February 3, 2026
US probes potential crypto sanctions evasion as Iran’s digital currency use surges
Iran’s crypto market hits $8–10 billion in 2025, with retail investors and state-linked entities exploiting digital assets amid rial devaluation and sanctions pressures

U.S. authorities are investigating whether cryptocurrency platforms have been used by Iranian officials and state-linked groups to circumvent economic sanctions, according to a blockchain researcher with direct knowledge of the Treasury’s concerns.
Crypto activity in Iran surged to an estimated $8–10 billion last year, fueled by both retail investors and entities linked to the state, according to TRM Labs and Chainalysis. Researchers note that cryptocurrencies are increasingly used as a hedge against the rapid depreciation of the rial and to move money internationally outside traditional banking channels.

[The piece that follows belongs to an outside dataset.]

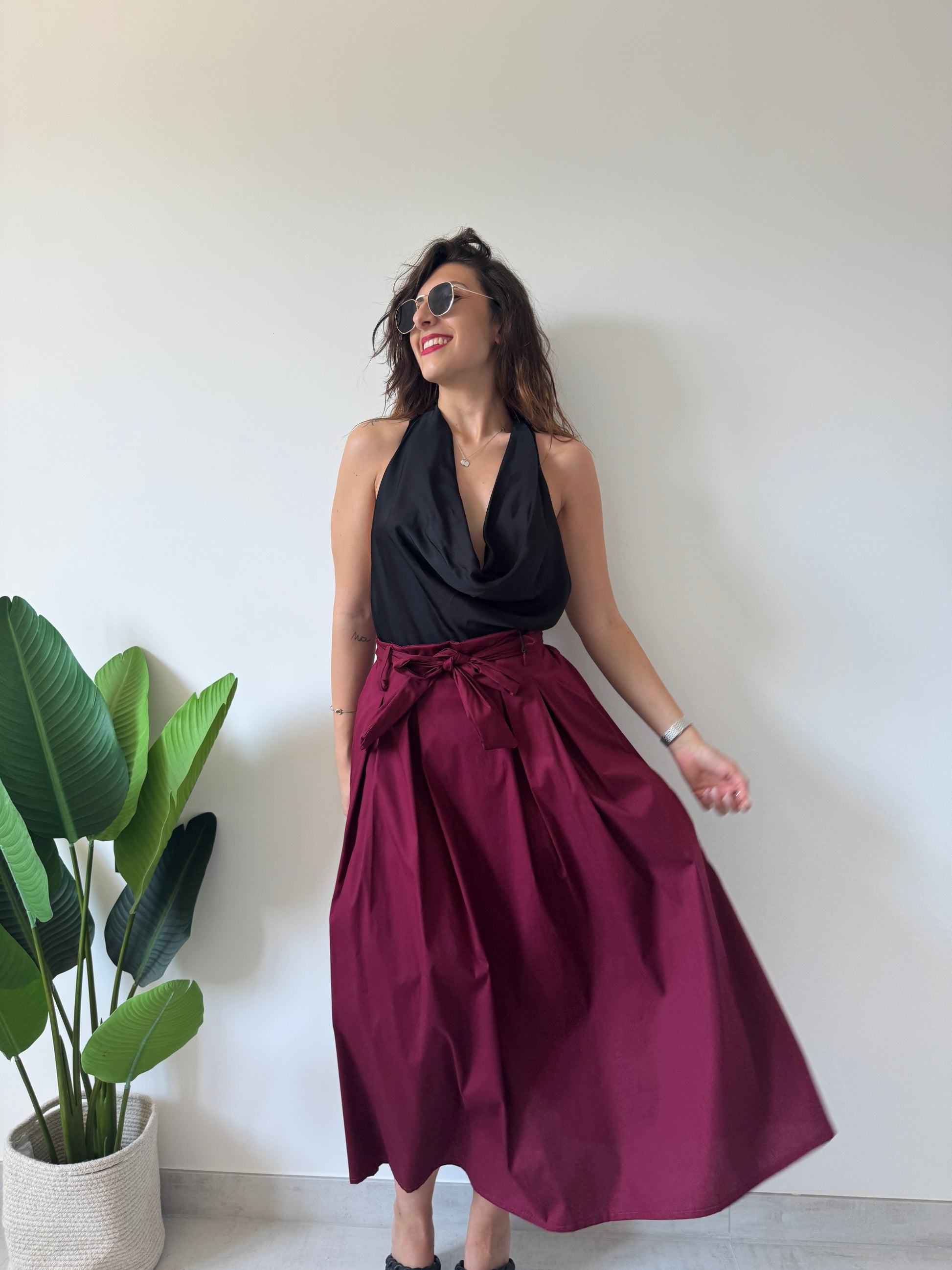 Top effetto raso con scollo profondo sul davanti, chiusura dietro il collo con schiena scoperta. Variante colore nero.
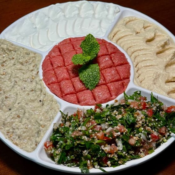 Carne bovina e frango C/ salsinha, cebola, tomate, pasta de alho, tahine e pão arábe.

The U.S. Treasury is focusing on whether digital platforms have enabled Iran’s state-affiliated actors to access hard currency, procure goods, or transfer funds abroad. A Treasury spokesperson referred Reuters to prior measures announced in September targeting “shadow banking” networks supporting Iran, including those using crypto. No specific platforms or jurisdictions under investigation were identified.
Estimates on the split between retail and state-linked crypto activity vary. Chainalysis calculates that roughly 50% of 2025 volumes involved the Islamic Revolutionary Guard Corps (IRGC), while TRM Labs estimates 95% came from retail investors, though it has tracked over 5,000 IRGC-linked wallet addresses moving about $3 billion in crypto since 2023. British blockchain firm Elliptic reported that the Central Bank of Iran acquired at least $507 million in USDT stablecoins in 2025 to bypass conventional financial restrictions.
Experts say cryptocurrencies remain a small part of the global financial system, but their use is rising in emerging markets with unstable currencies. Iran, effectively isolated from the dollar system, relies on oil revenues — $53 billion in 2023 — as its primary source of foreign currency. Geopolitical instability, including a 12-day conflict with Israel, U.S. strikes on nuclear sites, and domestic protests, has further driven crypto adoption.
Nobitex, Iran’s largest exchange, estimates that around 15 million Iranians engage with digital assets, including 11 million registered users. Analysts indicate that many Iranians use crypto primarily as a store of value against the rial’s ongoing devaluation. Funds are frequently transferred from local exchanges to self-custodied wallets or international platforms to mitigate domestic risks, including a June 2025 hack at Nobitex.
The pseudonymous nature of crypto transactions, combined with the ability to quickly create new wallet addresses, makes enforcement and tracing difficult for U.S. authorities. Tom Keatinge of the Royal United Services Institute described it as a “high-speed whack-a-mole” challenge for regulators seeking to enforce sanctions.
Researchers say Iranian crypto flows to international platforms suggest the market has acted as a slow structural exit for funds throughout 2025, providing a parallel financial channel amid sanctions and economic pressures.
Tether, which issues the USDT stablecoin, reiterated its “zero-tolerance policy” toward illicit use and said it collaborates with law enforcement to freeze assets linked to illegal activity. The Iranian government has not responded to requests for comment on allegations regarding state-linked crypto use.